I was hoping that the lz4-pure-java library could decompress it to json.

I'm trying to use Method 2 Example from the lz4-java github, and a comment here says that the file should be standard lz4 if we skip the 12-byte header.

Here's my code:

package com.jsonparser;

import net.jpountz.lz4.LZ4Factory;
import net.jpountz.lz4.LZ4SafeDecompressor;
import java.io.IOException;
import java.nio.charset.StandardCharsets;
import java.nio.file.Files;
import java.nio.file.Paths;
import java.util.Arrays;

public class jsonLZ4 {
    public static void main(String[] args) throws IOException {

        String infile = "C:\\Users\\username\\AppData\\Roaming\\Mozilla\\Firefox\\Profiles\\xxxxxx.default-release\\sessionstore-backups\\recovery.jsonlz4";

        byte[] datain = Files.readAllBytes(Paths.get(infile));

        // need to skip the first 12 bytes for Firefox format

        byte[] data = Arrays.copyOfRange(datain,12,datain.length);

        LZ4Factory factory = LZ4Factory.fastestInstance();

        byte[] compressed = data;
        int compressedLength = compressed.length;
        byte[] restored = new byte[compressed.length*2]; // not sure how to set length properly without knowing decompressed size

        // - method 2: when the compressed length is known (a little slower)
        // the destination buffer needs to be over-sized

        LZ4SafeDecompressor decompressor2 = factory.safeDecompressor();
        int decompressedLength2 = decompressor2.decompress(compressed, 0, compressedLength, restored, 0);

        String s = new String(restored, StandardCharsets.UTF_8);
        System.out.println("decompressed data is: " + s);
    }
}

Unfortunately I'm getting a decompression error:

Exception in thread "main" net.jpountz.lz4.LZ4Exception: Malformed input at 1803197
    at net.jpountz.lz4.LZ4JavaUnsafeSafeDecompressor.decompress(LZ4JavaUnsafeSafeDecompressor.java:62)
    at net.jpountz.lz4.LZ4SafeDecompressor.decompress(LZ4SafeDecompressor.java:77)
    at com.jsonparser.jsonLZ4.main(jsonLZ4.java:31)

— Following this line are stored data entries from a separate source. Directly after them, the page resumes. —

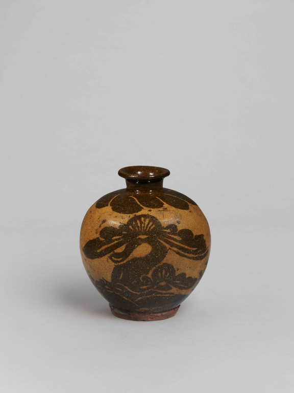 河井寬次郎:象嵌松笹文扁壺 (c.1930)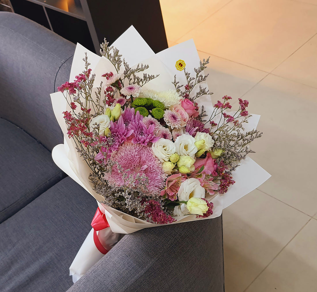 Elegant Mixed Flower Bouquet – Pink, White & Green Tones
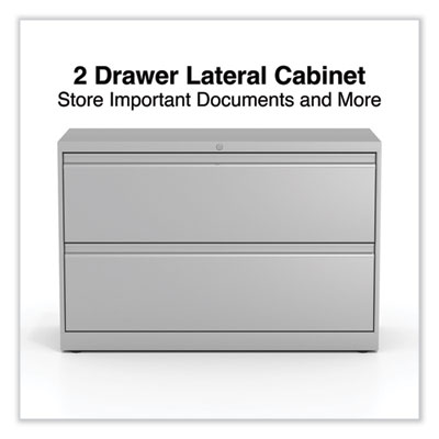 Drawers with side-to-side hang rails to accommodate letter/legal hanging files. Full drawer extension on steel ball bearing telescoping slide suspension helps drawers glide with ease. Stylish, full-width radius edge recessed pulls help to quickly open and close drawers. Anti-tipping interlock system allows only one drawer to open at a time. Single key core removable lock with two keys. Four adjustable leveling glides. Durable powder coated finish helps prevent scratches.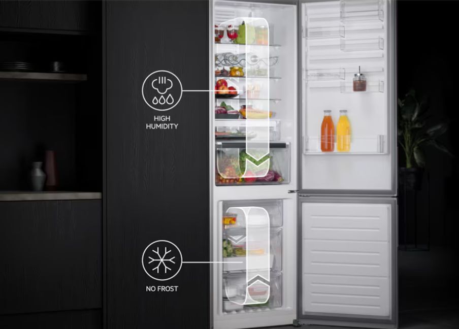 В зоне свежести температура держится на уровне 0°С, так продукты дольше остаются свежими. Подходит для свежего мяса, рыбы, фруктов, овощей.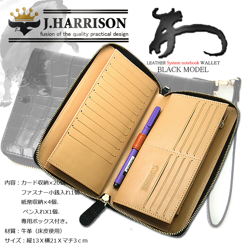 落ち着いたブラックに染めた渋くてカッコいいシステム手帳財布です。

Process finished with exit code 1

Does anyone know how I can successfully decompress this file, preferably using only java?

Thanks.

localhost
  • 1,253
  • 4
  • 18
  • 29

2 Answers2

1

The jsonlz4 format is its own format. It's based on lz4, but adds its own header logic. Consequently, it's not decodable by "normal" lz4 decoders.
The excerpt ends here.